Очень беспокоюсь за тебя – долго не было писем».
Закалка пригодилась: не на войне – в лагерях. Без этого вряд ли бы выдержал испытания…
Жена зовёт мужа в письмах – «милый Колюня», рвётся к нему, да командиры не разрешают: негде останавливаться. Сообщает, что на даче замечательно. «Обед стряпать не надо, ягоды ем с утра до вечера. Земляника. Скоро будет малина, чёрная и красная смородина. Завтра буду варить варенье из земляники, чтобы ты, мой маленький, тоже попробовал сиверской земляники. <…> Наш самый маленький дурачок живёт хорошо, растёт, очевидно».
25 января 1932 года родился первенец, только назвали его не Фомой, а Никитой.
Жили они по-прежнему в съёмной комнате, куда Заболоцкого вообще-то пустили как холостого. «Но Вера Михайловна, хозяйка квартиры, и её домоправительница Христина так привязались к Заболоцким, что в первые месяцы увезти мальчика не разрешили, – пишет в биографии отца Никита Заболоцкий. – Добрая старая эстонка Христина каждый день заходила в комнату, чтобы вытереть пол, останавливалась у кроватки, опираясь о щётку, любовалась здоровым младенцем и произносила всегда одну и ту же фразу:
– Он смотрит и думает, что за чучела пришёл».
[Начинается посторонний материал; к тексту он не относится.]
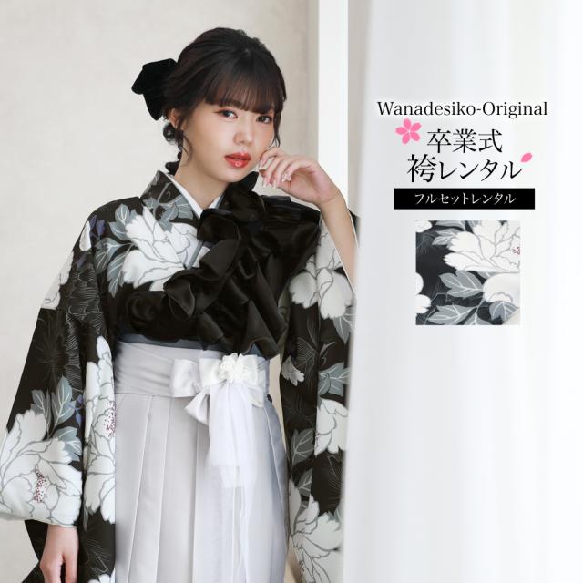 履物が選べるレンタル 卒業式 袴 レンタル 大学生 フルセット 袴セット 卒業式袴セット 2尺袖着物&袴フルセットレンタル シンプル 「黒地に牡丹とグレーライン牡丹」 上品 レディース 女の子 先生 オリジナル ブラック

Николай перешёл из «Чижа» в Союзфото (эту организацию возглавлял В. П. Матвеев) в попытке заработать на кооперативную квартиру. Катя с ребёнком всё чаще жила на даче дяди на Сиверской – благо усадьба была хорошо устроена, только в морозы дом промерзал и даже на одну комнату, где топили печь, уходило слишком много дров. Ей помогала по хозяйству домработница Ириша, приехавшая, чтобы не пропасть, из голодающей и разорённой псковской деревни в Питер. Вероятно, она рассказывала Николаю и жене, что же на самом деле происходит на селе…
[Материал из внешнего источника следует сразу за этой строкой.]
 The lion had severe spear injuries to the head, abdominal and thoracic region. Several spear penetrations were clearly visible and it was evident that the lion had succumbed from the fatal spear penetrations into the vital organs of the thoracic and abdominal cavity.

Но и горожанам было голодно и нелегко.
«…Очень трудно стало доставать деньги, – писал Николай жене. – Их нет ни у кого».
«Получил сахар за июнь —2 кило 600 граммов, Выдавали кило сыру – не мог взять за отсутствием денег».
«Получил банку консервов, 2 ½ кило перловой крупы и 2 кило трески».
Летом 1932 года Заболоцкий снова на военных сборах, на этот раз в белорусском Могилёве. «Остановились в Орловской гостинице, – сообщает Кате. – Взяли общий номер на 12 человек – по 2 рубля с рыла. Ребята подобрались хорошие, все комвзвода запаса, быстро спелись друг с другом, и теперь все дела ведём вместе, коллективно и друг друга держимся. Выходит складно и ладно. Вчера вечером ходили гулять в здешний городской сад, и я вспомнил старое уржумское время – так всё здесь провинциально и незатейливо».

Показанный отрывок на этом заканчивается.